Brands and innovations
It was not a fair of revolutions and upheavals, the various brands decided to continue doing what they consider to be their core business and what they do best, rather than indiscriminately chasing the market trend of the moment, with a few notes of innovation as is only right. There is no denying that Patek Philippe’s decision not to present the successor to the 5711 and Rolex’s decision not to intervene decisively on any of its flagship models helped to spread the public’s attentions over all the exhibitors, which led to diversified but concrete offers: Bulgari went beyond the concept of “very fine”, Ulysse Nardin managed to evolve the Freak, just as Jaeger Le-Coultre gave new lustre to the Atmos. Vacheron Constantin revived the iconic 222 by adding it to the Historiques line, which is one of its best workhorses. Cartier refined its iconic collections, from the Santos to the Ballon Bleu, and then enriched its exclusive “Privé” selection with true masterpieces of elegance, often dedicated to women, once again confirming along with Piaget and Chopard that Time is not a male exclusive.
Tudor concentrated on a few references to make its offer even more solid and well-defined, Zenith presented only chronograph watches, a complication that has always distinguished it, while Rolex and Patek Philippe confirmed to the world their respective philosophies, daring in terms of colours and complications but without departing from the respective strategies that have made them what they are today. Hublot’s so-called “Art of Fusion” has been interpreted in colours and materials that were inconceivable just a few years ago, confirming that there are very few taboos left in watchmaking: suffice it to think that A. Lange&Sohne – a brand that until three years ago only worked with precious materials – presented a watch in titanium. This concept has not escaped Tag Heuer and IWC either, which have respectively introduced variants of dials and materials on their flagship models that were unthinkable a few years ago.
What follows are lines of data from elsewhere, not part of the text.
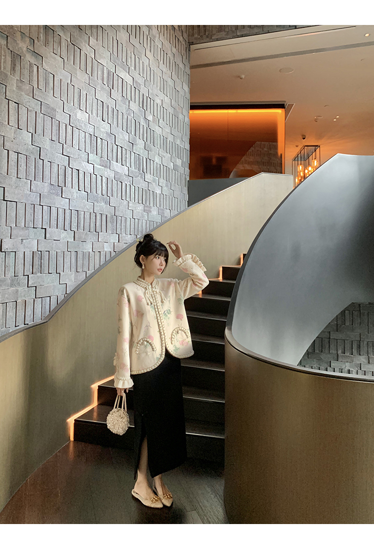 盤扣設計蕾絲花邊和盤扣點綴,平衡溫柔浪漫與法式氣質
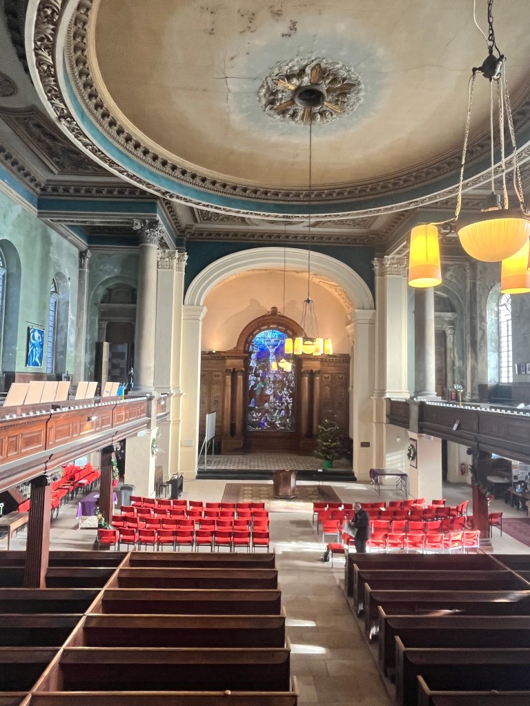 The church itself is a fantastic building. Nicholas Hawksmoor obviously wanted grandeur and so he used every trick in the book to make the building look as big and grand as possible. There’s fantastic huge window of stained glass right to the other end of the church.
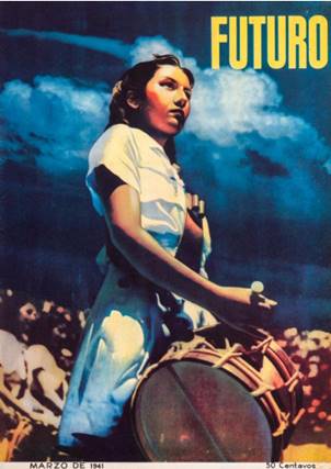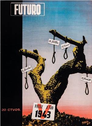 Desde su llegada y hasta finales de los años cuarenta, destacan igualmente las portadas de la revista marxista Futuro, cuyas cubiertas (Fig. 2), al huir de una maqueta prefijada, se convirtieron en manos de Renau en pequeños, variados y vistosos carteles políticos en los que incluía, más allá de las leyes de la retórica visual metafórica al uso, el empleo sistemático de emblemas y símbolos políticos, así como la utilización contrastada de una gama de colores escogida en función de sus cualidades o por sus connotaciones psicológicas. Muchos de estos elementos habían sido usados por él en su etapa española y serían combinados con una semántica mucho más compleja en Fata Morgana y después en The American Way of Life, como podemos observar en el caso de la portada del número de noviembre de 1942, donde la estrella roja guía a la familia hacia un futuro prometedor. El impacto visual era el principal objetivo de “Feliz Año 1943” (Fig.3), de influencia goyesca, donde se alza un tronco pelado, que sirve de patíbulo a los grandes dictadores responsables de la montaña de cadáveres que ha producido la guerra. De sus ramas cuelgan los carteles con los nombres de Hitler, Mussolini, Franco e Hirohito y sus correspondientes sogas dispuestas para la ejecución.
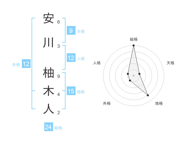 安川 柚木人さんの総格は24画の5点!
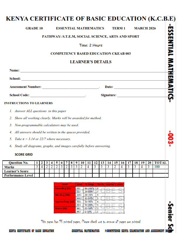2026 GRADE 10 ESSENTIAL  MATHEMATICS  END TERM 1 EXAM WITH MARKING SCHEMES
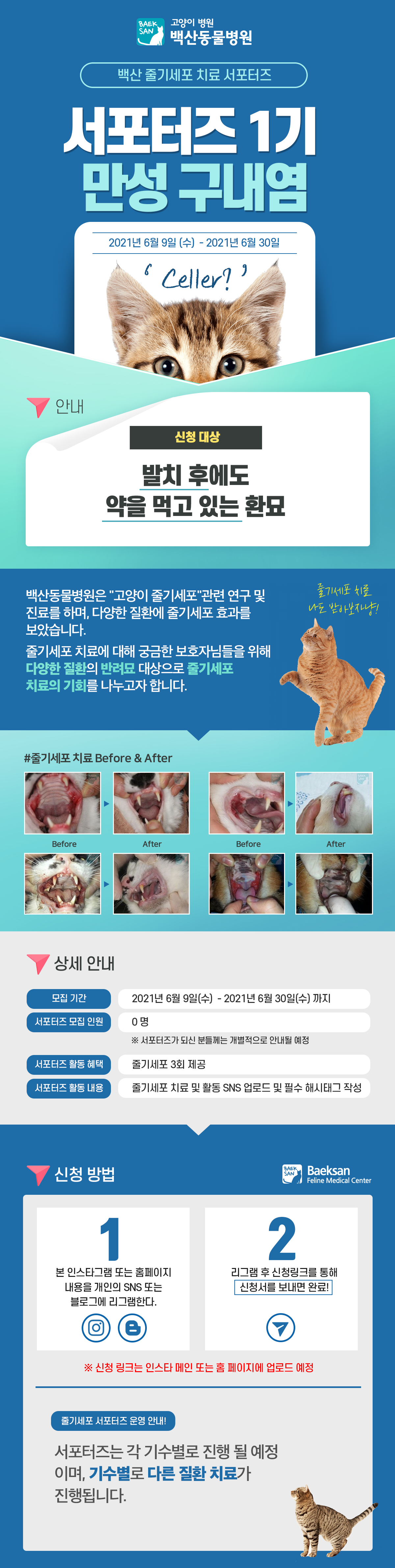 백산 줄기세포 치료 서포터즈 1기 '만성 구내염' 대상묘 모집
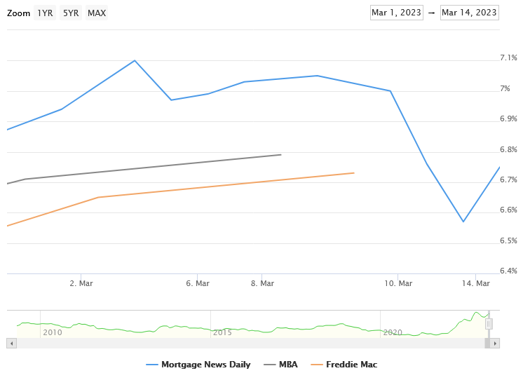 Even mortgage rates, which had plunged on Friday and again on Monday recovered somewhat, with the 30-Year mortgage rising to 6.75%.
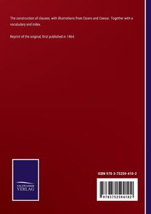 Reprint of the original, first published in 1864. The construction of clauses, with illustrations from Cicero and Caesar. Together with a vocabulary and index.
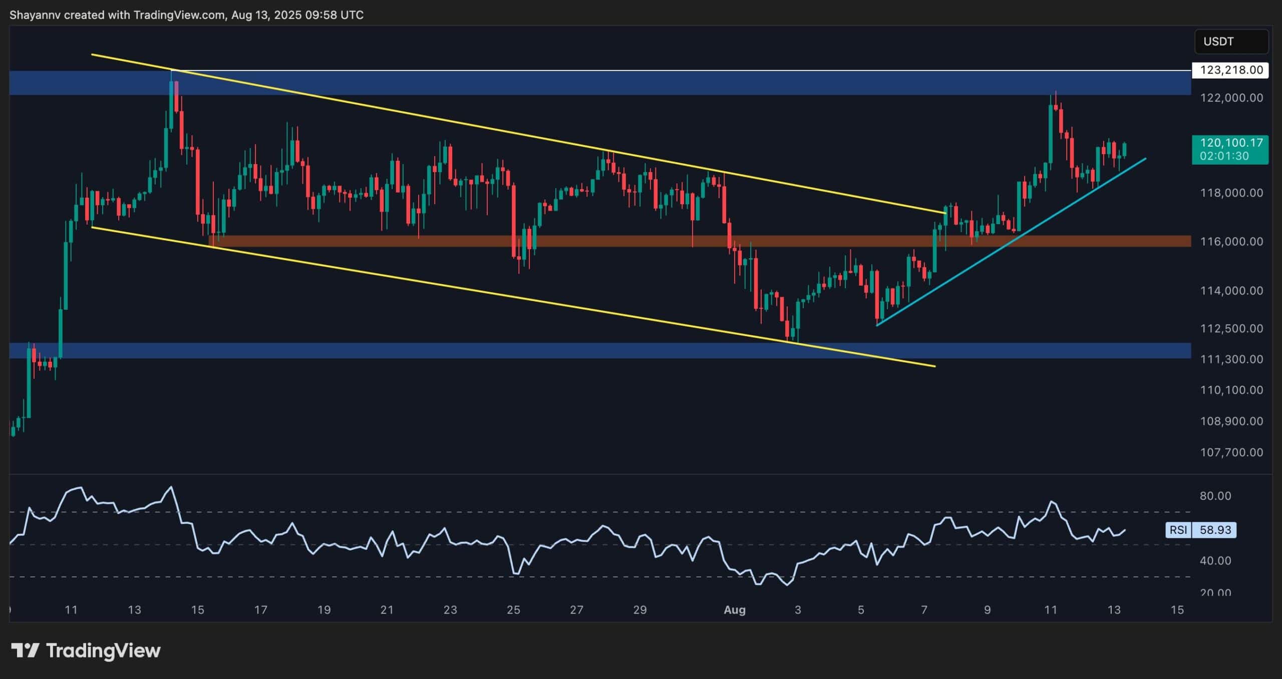 Le RSI reste au-dessus du niveau 50, renforçant l’élan haussier et augmentant la probabilité d’un retest et d’une rupture potentielle au-dessus du haut de 123 000 $. Pourtant, si un retrait se produit, la zone de soutien de 116 000 $ pourrait agir comme un domaine clé pour un rebond et une continuation de la tendance à la hausse.
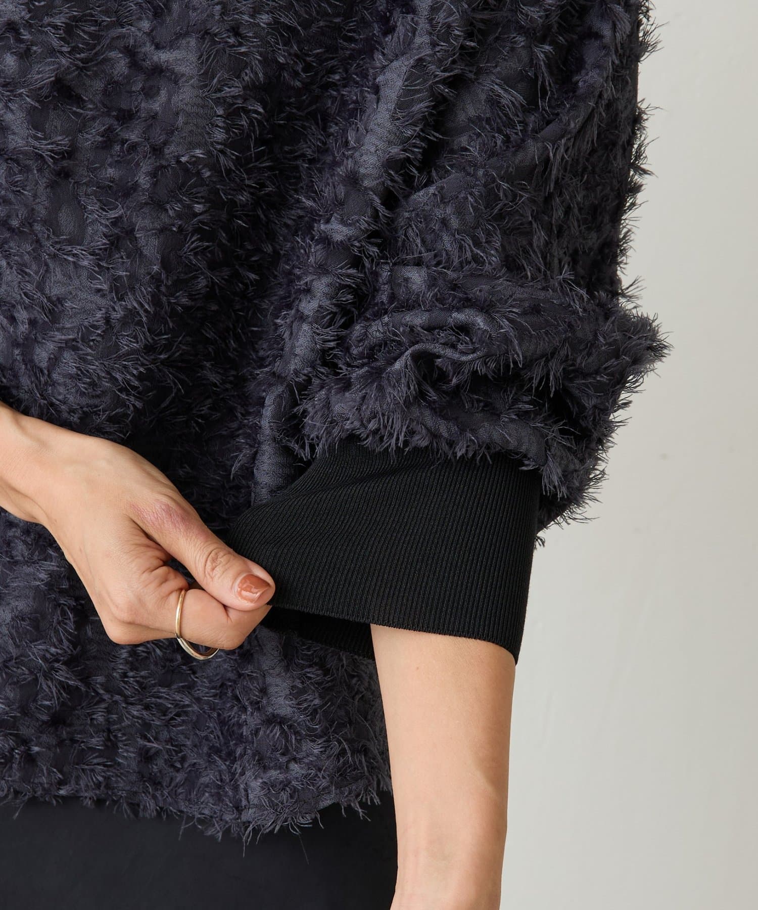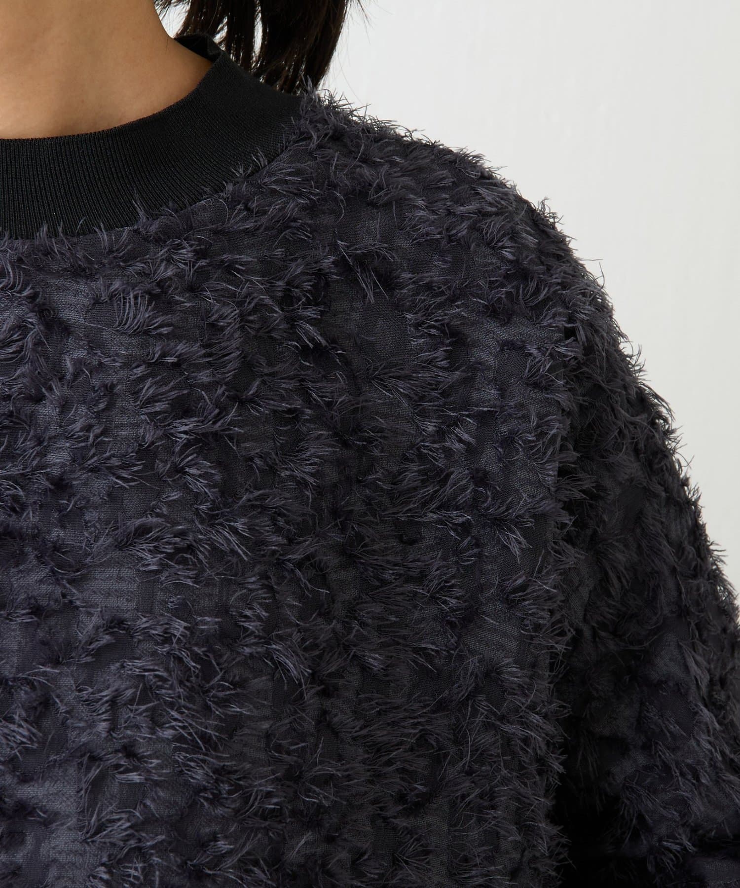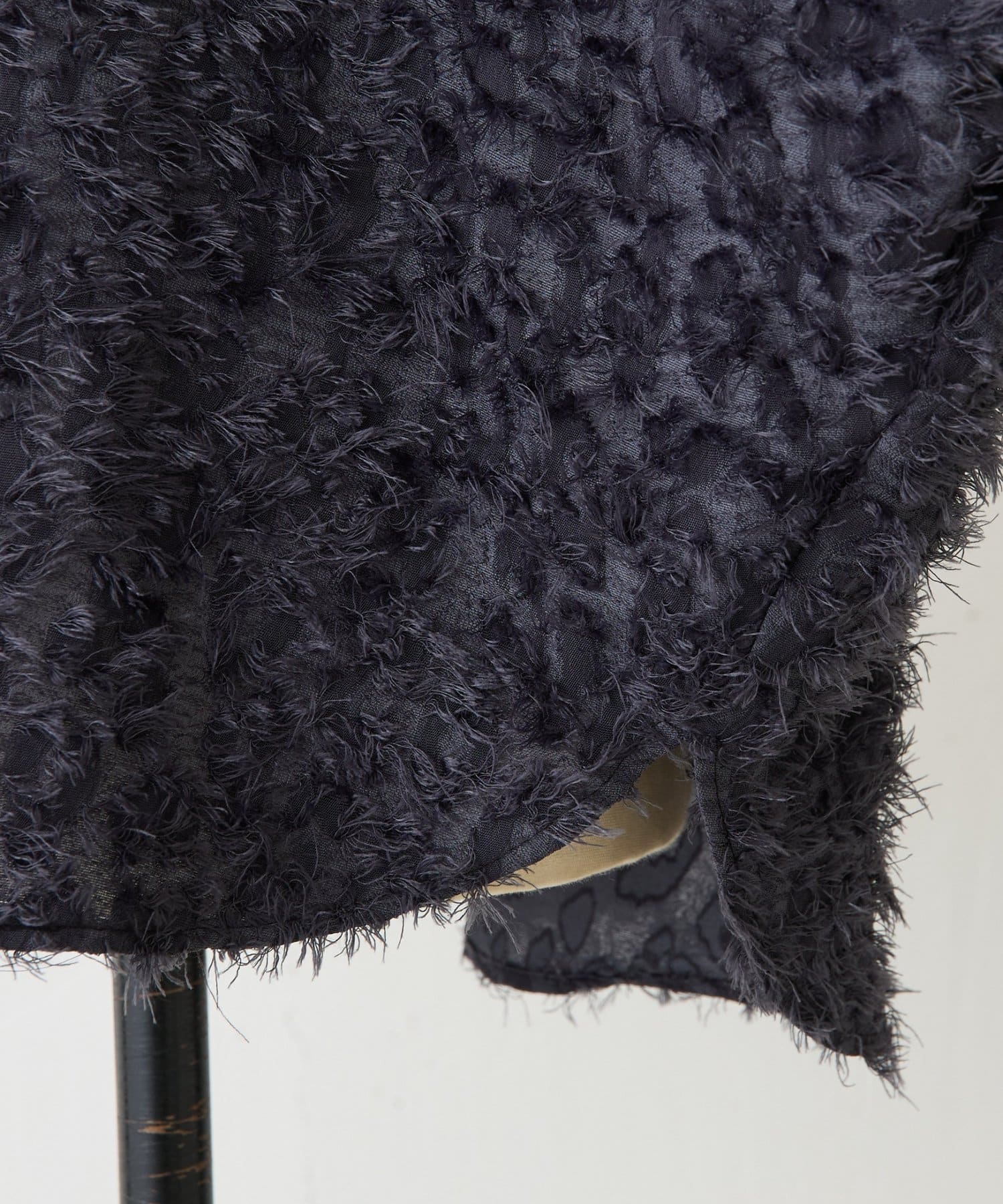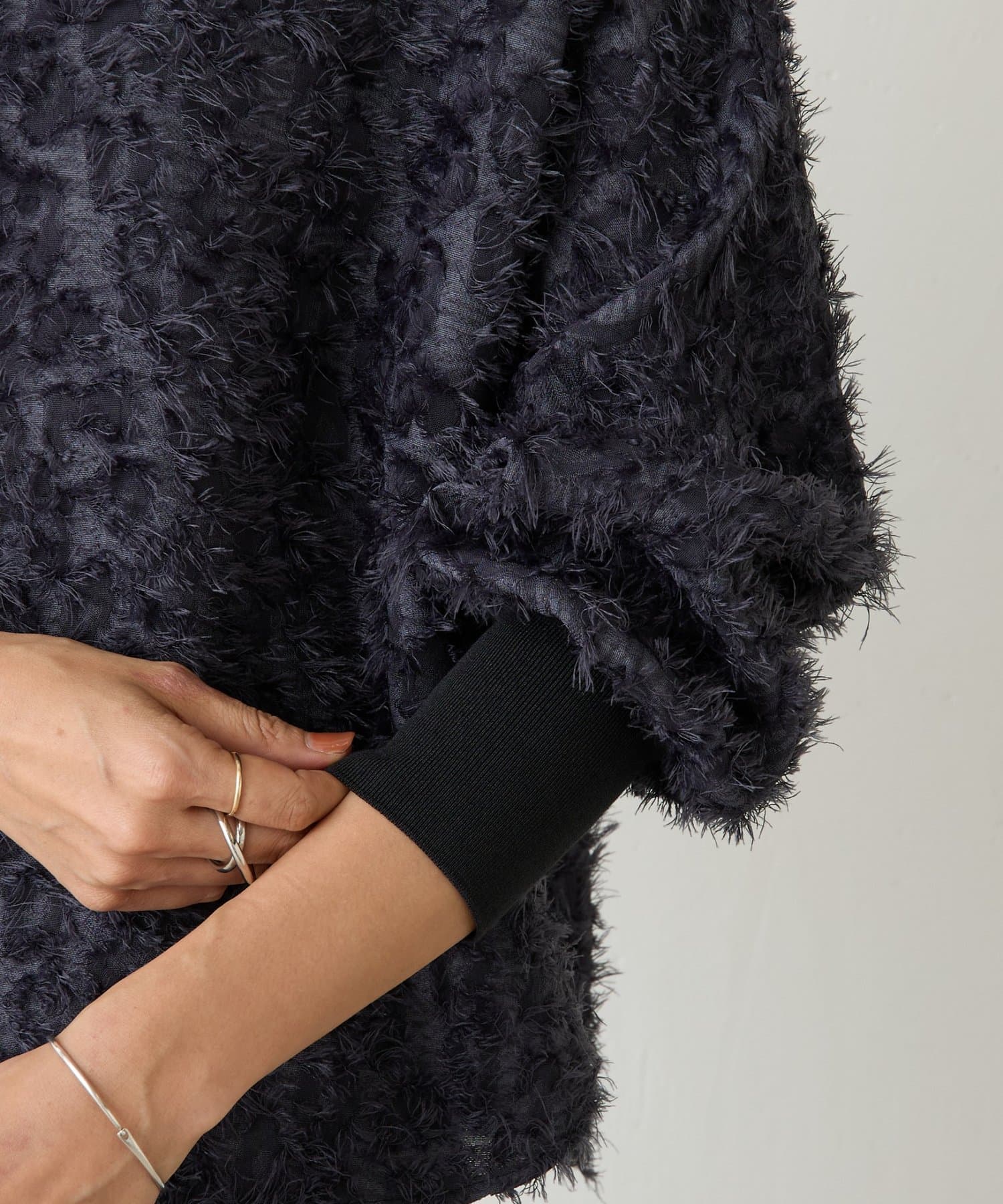 毛足を長めにカットしたシャギー部分は適度な光沢感があり、派手になりすぎずエレガントな印象に。

Finally, raise your hand if you thought you would ever see a gold Panerai with a perpetual calendar.
Watches and Wonders 2022: conclusions
After almost a week in Geneva, the most frequently asked question upon returning was “which are the five watches that impressed you the most?”, perhaps the most complex question a watch lover can have to answer after a trade fair.
In fact, there are no rankings when it comes to passion, so the five references below are in purely random order and have only the merit of having impressed me in some way: Bulgari Octo Finissimo Ultra, IWC Pilot’s Waches Chronograph 41 TOP GUN in Ceratanium, Hublot Big Bang Tourbillon Purple Sapphire, Parmigiani Tonda PF Skeleton and Cartier Tank Chinoise in yellow gold.
Watches & Wonders 2022 was a clear slap in the face to all those who claimed that trade fairs in a physical format were obsolete and outdated by digital and delocalised micro events, forgetting that after all, watches are splendid instruments created by people for other people. Events like this bring people together, create human contact and an exchange of ideas in a context that cannot be replicated online, nor can it be broken down into micro events. This fair reminded everyone that a handshake is worth more than a like, that Zoom is extremely useful but that titanium is only light in person, and that even though the world is running faster and faster, every now and then it’s nice to stop for a moment.